» EXERCISE: Write out exactly, and only, the lines below from the line with "- (1) 36″ Clear" through the line with "El Ministerio de"; pictures do not belong in the copy.

•••

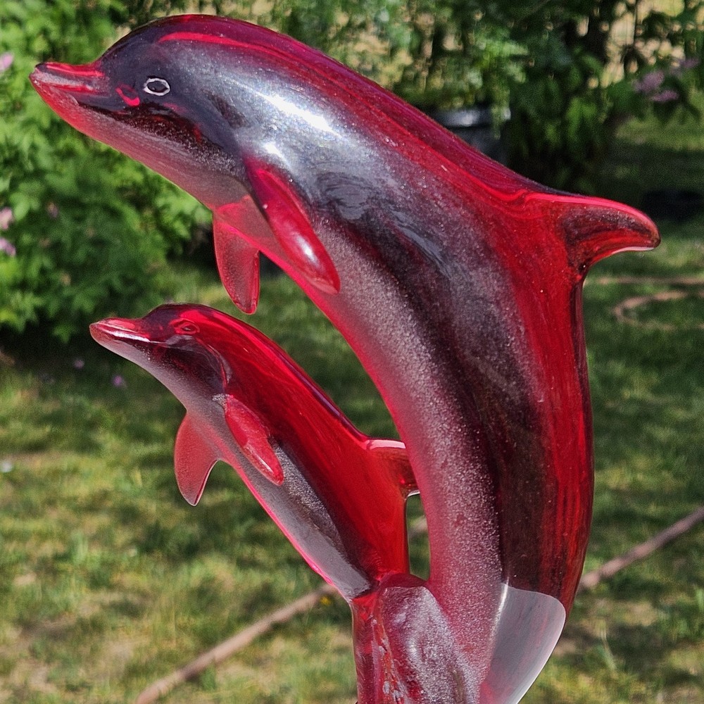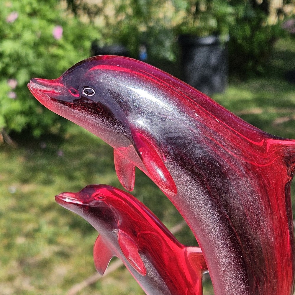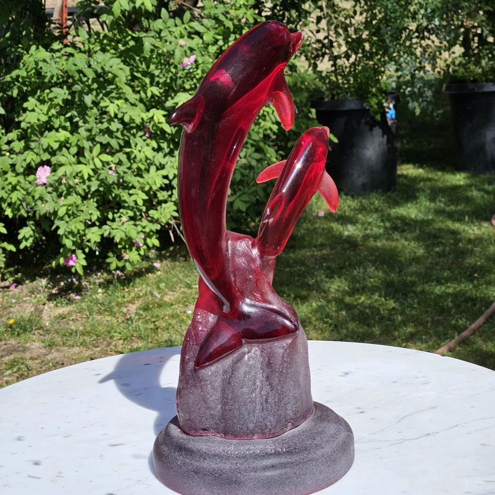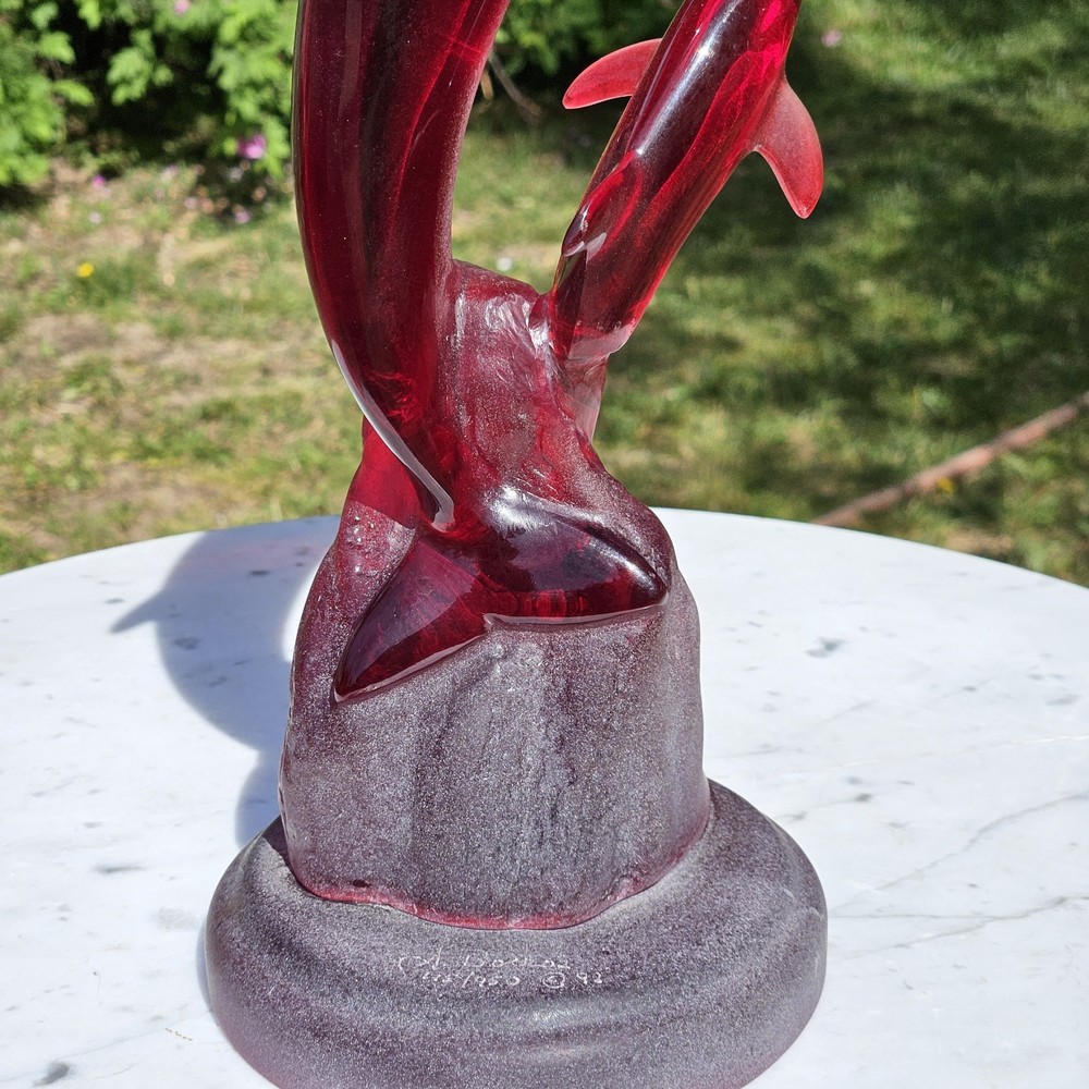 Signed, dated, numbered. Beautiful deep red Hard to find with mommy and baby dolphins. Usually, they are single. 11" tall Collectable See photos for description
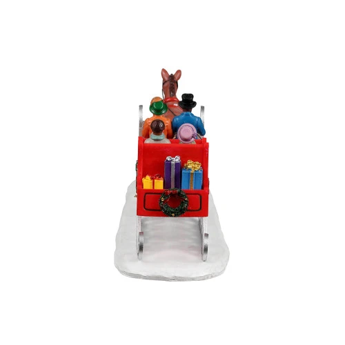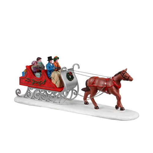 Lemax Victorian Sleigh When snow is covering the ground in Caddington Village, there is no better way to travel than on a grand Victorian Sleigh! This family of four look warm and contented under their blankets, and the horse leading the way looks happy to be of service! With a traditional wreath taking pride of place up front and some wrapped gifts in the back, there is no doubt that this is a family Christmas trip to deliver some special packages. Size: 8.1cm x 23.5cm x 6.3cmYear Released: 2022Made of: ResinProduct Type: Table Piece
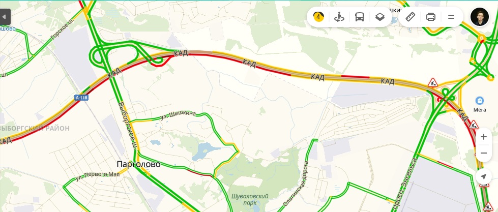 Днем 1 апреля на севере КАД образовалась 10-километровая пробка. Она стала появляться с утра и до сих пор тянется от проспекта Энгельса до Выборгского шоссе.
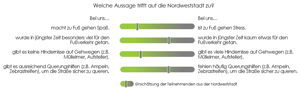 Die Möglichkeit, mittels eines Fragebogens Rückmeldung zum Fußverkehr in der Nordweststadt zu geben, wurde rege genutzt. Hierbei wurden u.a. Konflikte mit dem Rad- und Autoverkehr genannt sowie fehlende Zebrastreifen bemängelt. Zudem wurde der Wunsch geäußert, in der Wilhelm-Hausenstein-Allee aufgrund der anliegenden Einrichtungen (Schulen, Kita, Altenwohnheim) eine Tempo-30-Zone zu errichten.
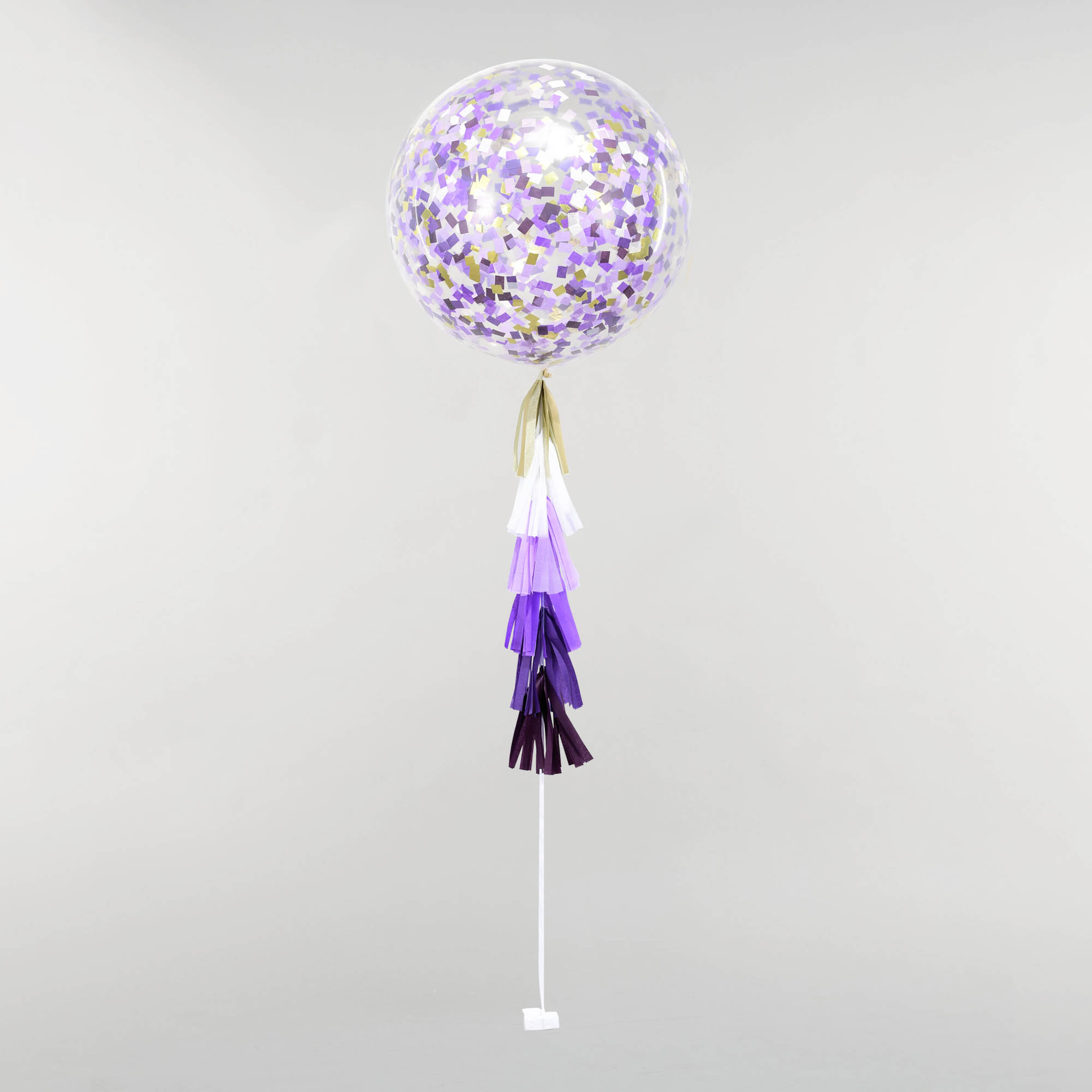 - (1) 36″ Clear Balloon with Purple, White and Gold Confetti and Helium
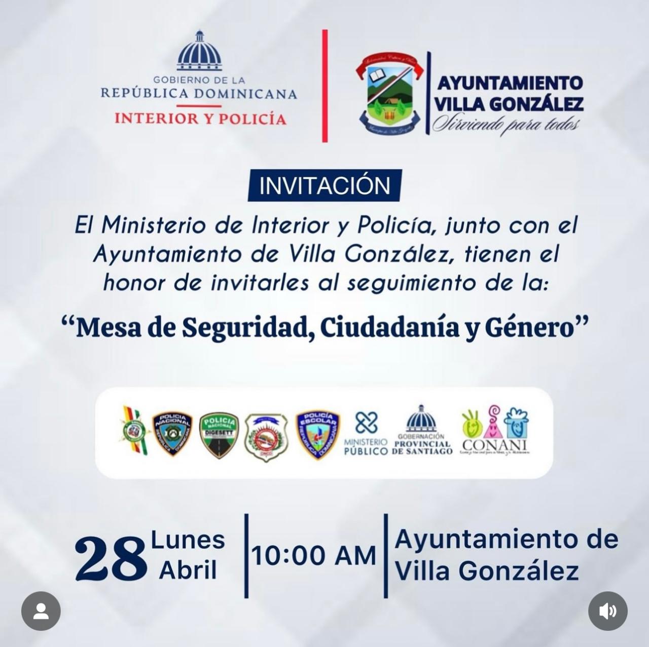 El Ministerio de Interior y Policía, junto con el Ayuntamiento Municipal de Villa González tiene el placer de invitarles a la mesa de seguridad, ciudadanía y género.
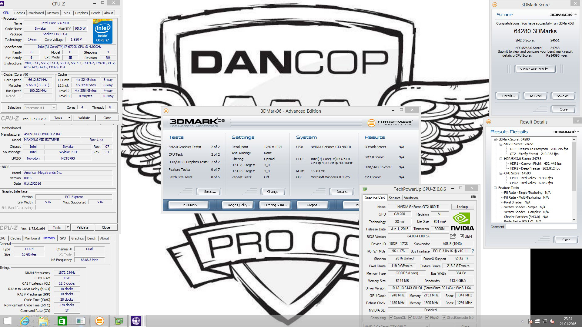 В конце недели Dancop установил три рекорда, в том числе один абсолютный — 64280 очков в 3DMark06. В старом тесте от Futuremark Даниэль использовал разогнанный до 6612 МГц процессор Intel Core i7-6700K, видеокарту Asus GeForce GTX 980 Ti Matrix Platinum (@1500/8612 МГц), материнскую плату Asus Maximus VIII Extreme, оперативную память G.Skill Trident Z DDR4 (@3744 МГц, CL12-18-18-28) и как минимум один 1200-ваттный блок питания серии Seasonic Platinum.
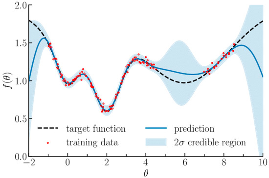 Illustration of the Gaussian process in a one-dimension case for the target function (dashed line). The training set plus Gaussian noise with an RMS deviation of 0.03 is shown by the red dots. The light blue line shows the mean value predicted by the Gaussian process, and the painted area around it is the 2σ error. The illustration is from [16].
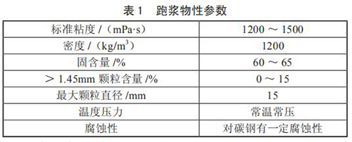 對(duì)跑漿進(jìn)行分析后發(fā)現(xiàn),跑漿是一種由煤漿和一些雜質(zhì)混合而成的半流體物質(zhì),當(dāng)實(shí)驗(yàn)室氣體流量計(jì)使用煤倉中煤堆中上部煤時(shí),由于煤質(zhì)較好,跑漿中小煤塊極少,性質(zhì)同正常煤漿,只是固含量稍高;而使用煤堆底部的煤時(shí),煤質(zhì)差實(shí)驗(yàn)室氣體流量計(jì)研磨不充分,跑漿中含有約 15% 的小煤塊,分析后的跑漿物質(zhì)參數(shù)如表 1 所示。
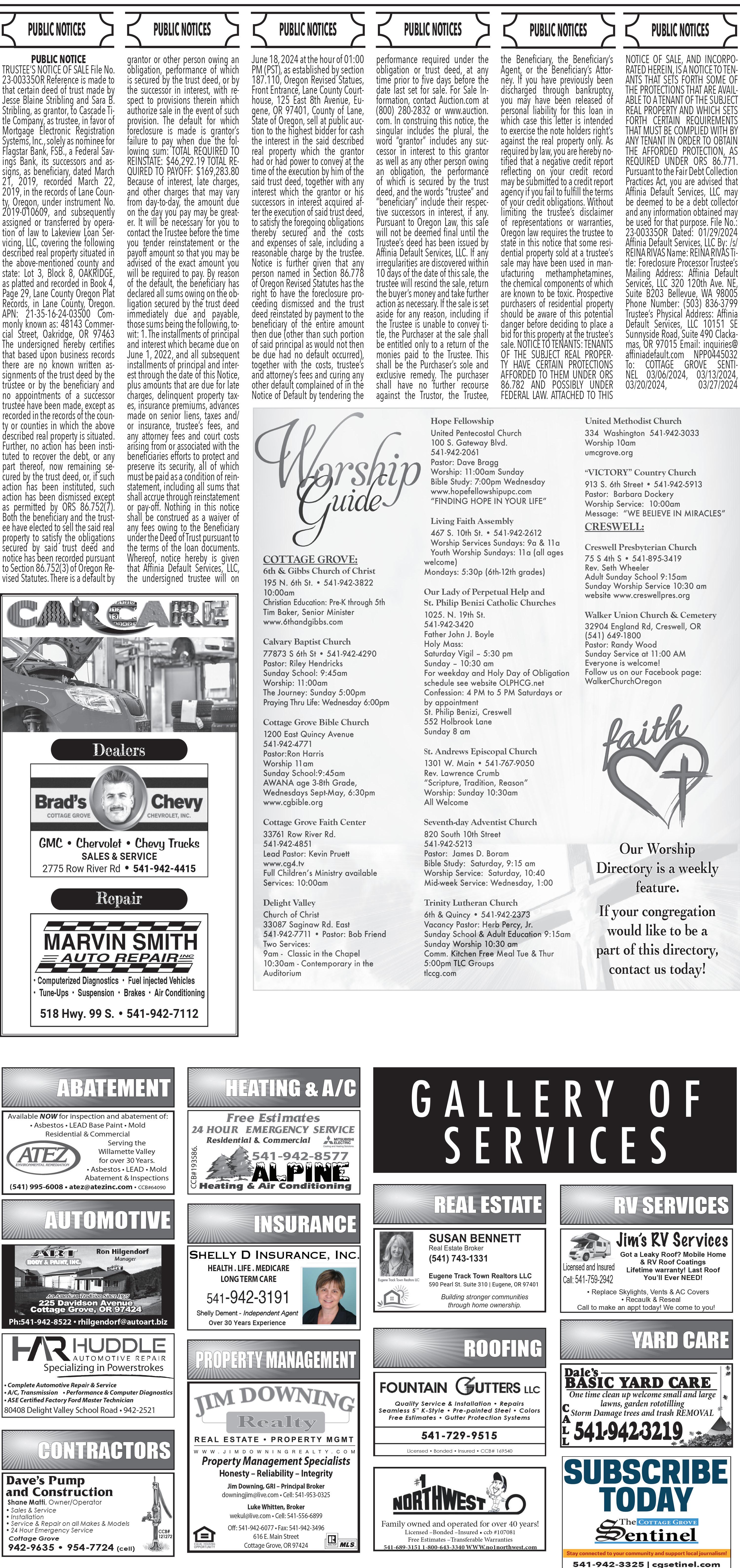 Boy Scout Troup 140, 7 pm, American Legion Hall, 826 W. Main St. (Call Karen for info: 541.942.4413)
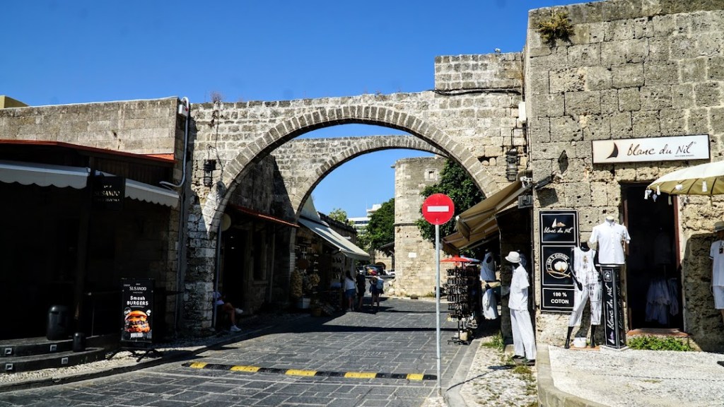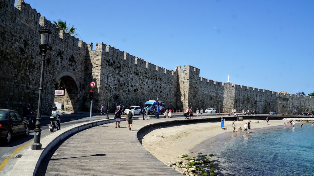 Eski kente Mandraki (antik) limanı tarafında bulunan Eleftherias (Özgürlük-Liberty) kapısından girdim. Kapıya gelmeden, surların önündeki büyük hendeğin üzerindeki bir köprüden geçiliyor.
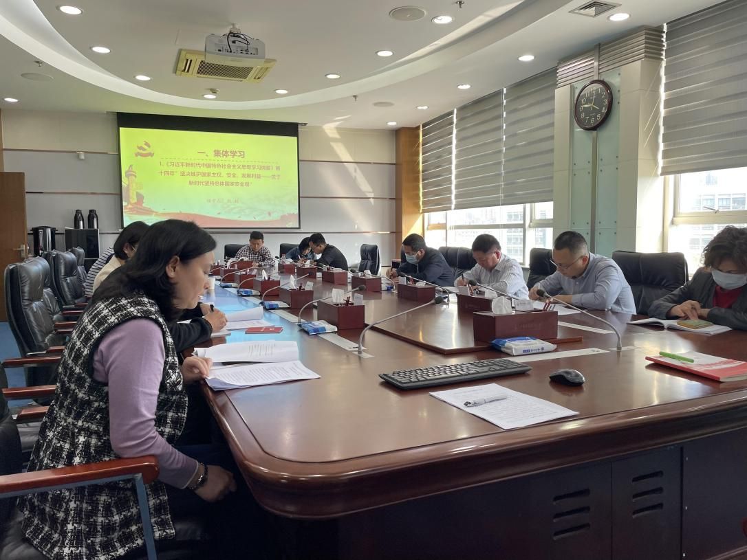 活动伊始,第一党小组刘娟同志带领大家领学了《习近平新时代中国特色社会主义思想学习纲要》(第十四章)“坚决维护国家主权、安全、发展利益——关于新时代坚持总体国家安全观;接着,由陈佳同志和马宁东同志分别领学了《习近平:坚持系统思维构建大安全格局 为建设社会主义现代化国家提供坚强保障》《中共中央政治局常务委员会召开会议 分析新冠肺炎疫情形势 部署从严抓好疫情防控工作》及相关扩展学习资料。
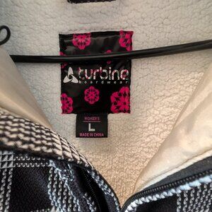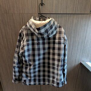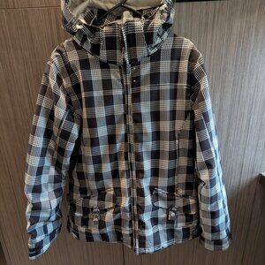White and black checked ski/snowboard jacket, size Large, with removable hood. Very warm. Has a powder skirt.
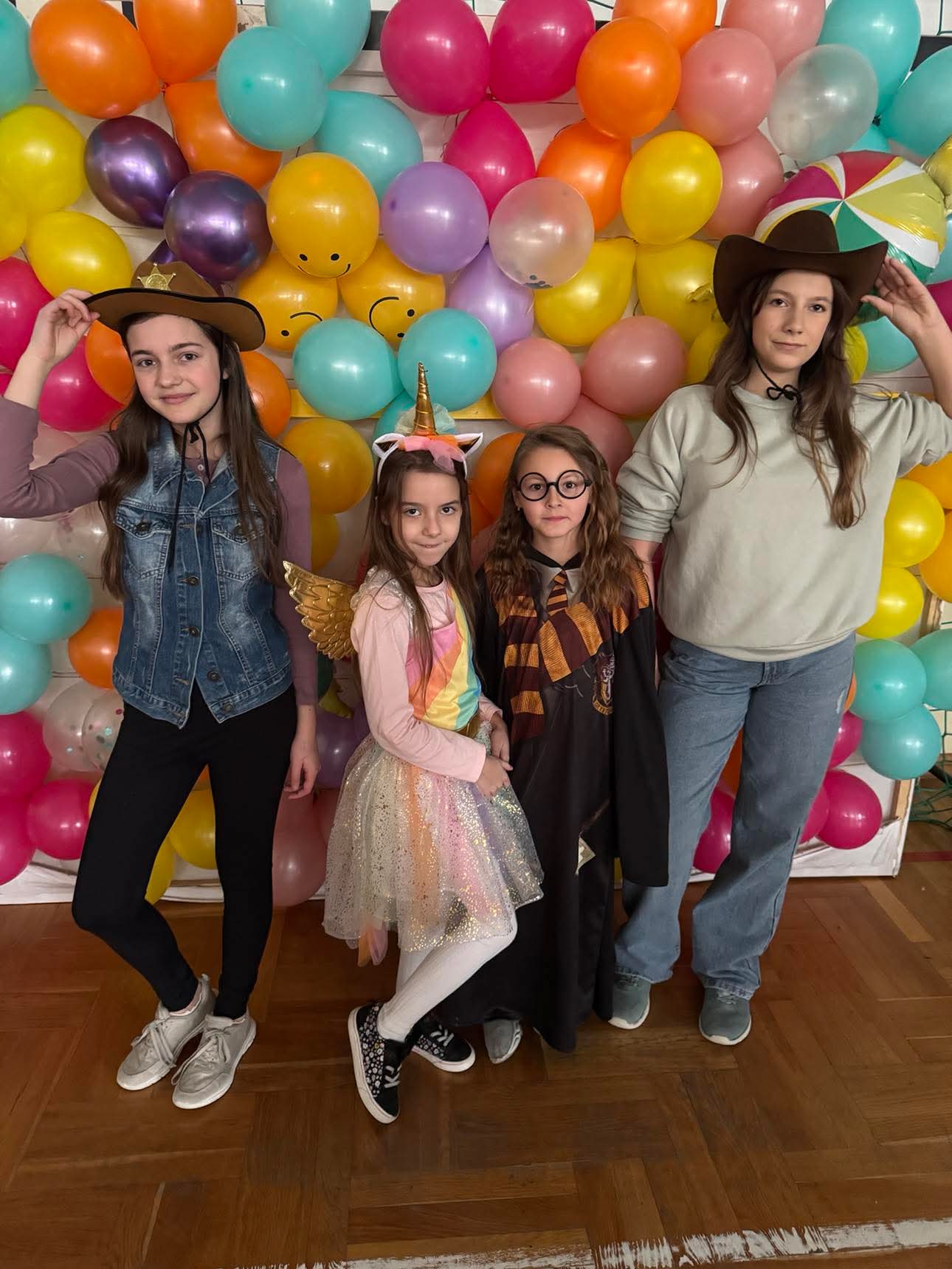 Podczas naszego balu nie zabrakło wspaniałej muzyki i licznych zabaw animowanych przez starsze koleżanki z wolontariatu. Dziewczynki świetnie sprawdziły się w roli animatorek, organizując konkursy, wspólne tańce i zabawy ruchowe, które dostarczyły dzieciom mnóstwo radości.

•••

» OUTPUT BELOW:
 - (1) 36″ Clear Balloon with Purple, White and Gold Confetti and Helium
 El Ministerio de Interior y Policía, junto con el Ayuntamiento Municipal de Villa González tiene el placer de invitarles a la mesa de seguridad, ciudadanía y género.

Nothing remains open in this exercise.